Why I stopped shrinking myself just to be digestible.
They said I was too intense.
Too sensitive.
Too loud.
Too much.
So I learned to shrink.
Softened my voice.
Smiled more than I meant it.
Apologized for taking up space I was never given permission to occupy.
I made myself “easier to love.”
Which meant less honest.
Less bold.
Less me.
I wasn’t calm.
I was compressed.
A storm in a soft voice.
A scream folded into a sentence that made them comfortable.
But one day I asked:
Why is my peace only valid
if it comes in quiet packaging?
Why do I have to sound reasonable
when I’m bleeding out truth?
So I stopped asking if I sounded okay.
Stopped translating my trauma into digestible language.
Stopped explaining my feelings in bullet points
so they wouldn’t flinch.
And I started roaring.
Not to hurt.
Not to rage.
But to reclaim the parts of me
that were never broken—just silenced.
Now?
If I’m calm, it’s because I chose calm.
Not because I owe it to anyone.
🧠 Emotional Takeaway:
You are not too much.
You are not too loud.
You are not too angry.
You are alive.
And if someone only accepts you in your calmest form—
they were never worthy of your realest self.
🪞 Reflection Box:
I thought being soft meant I was safe.
That if I smiled enough, stayed agreeable,
never made waves—
I wouldn’t be left behind.
But peace isn’t pretending.
And my healing didn’t come from staying quiet.

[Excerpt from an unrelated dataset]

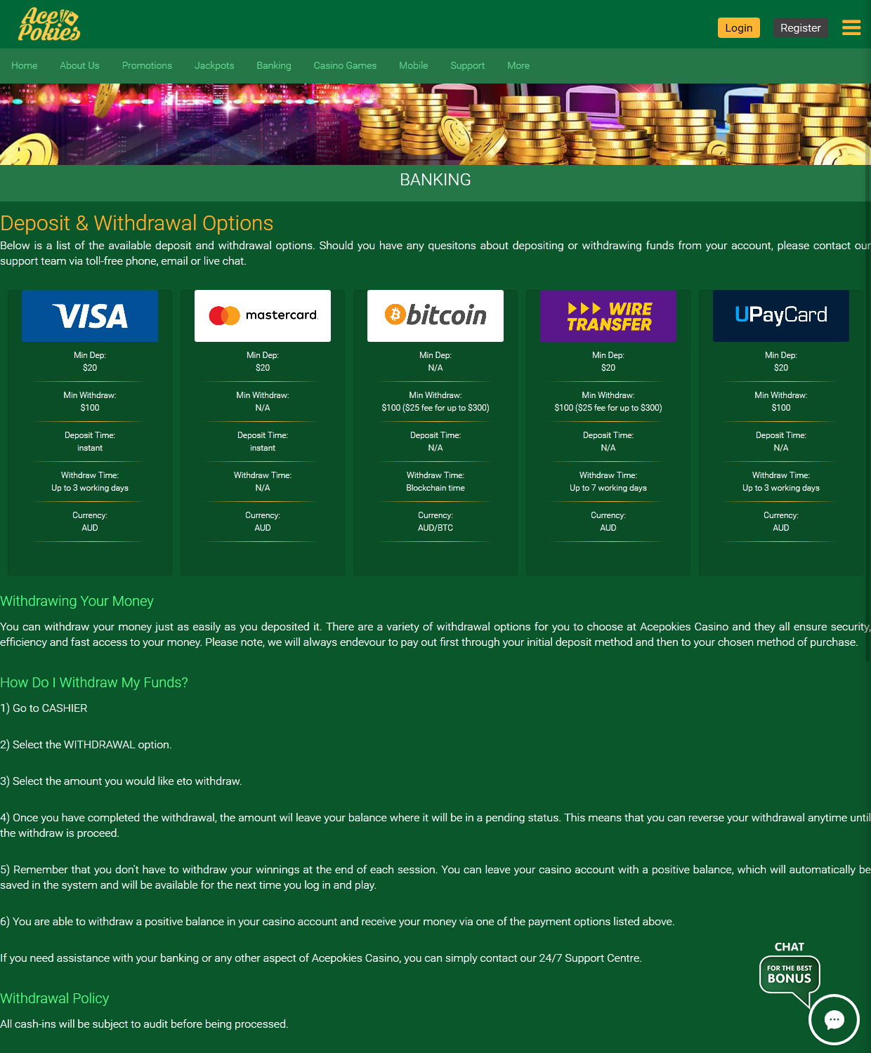 ace Pokies tem uma ampla seleção de mais de 200 jogos alimentados pela rtg. variando de Pokies a blackjack, eles oferecem diversão final, porcentagem de pagamento alto e toneladas de recursos de bônus para jogadores da austrália que teriam concluído o processo de inscrição simples e jogado por dinheiro real. o site tem um design elegante com a paleta de cores verde dominando o esquema visual e uma navegação intuitiva para permitir que todos navegassem pelo site do cassino da maneira mais eficiente e segura. a ace Pokies possui um extenso programa de bônus que atualmente totaliza mais de 10 promoções direcionadas a iniciantes e apostadores leais.

It came from finally hearing myself.
🎤 I don’t owe peace to calm your mind—
Or package rage in words that bind.
I’m not your mirror, meek or small—
I’m not less real when I don’t crawl.
So call me fierce. Or wild. Or wrong.
But I’ve been caged in shame too long.
And now I speak, in voice and psalm—
Not cruel. Not broken. Just not calm.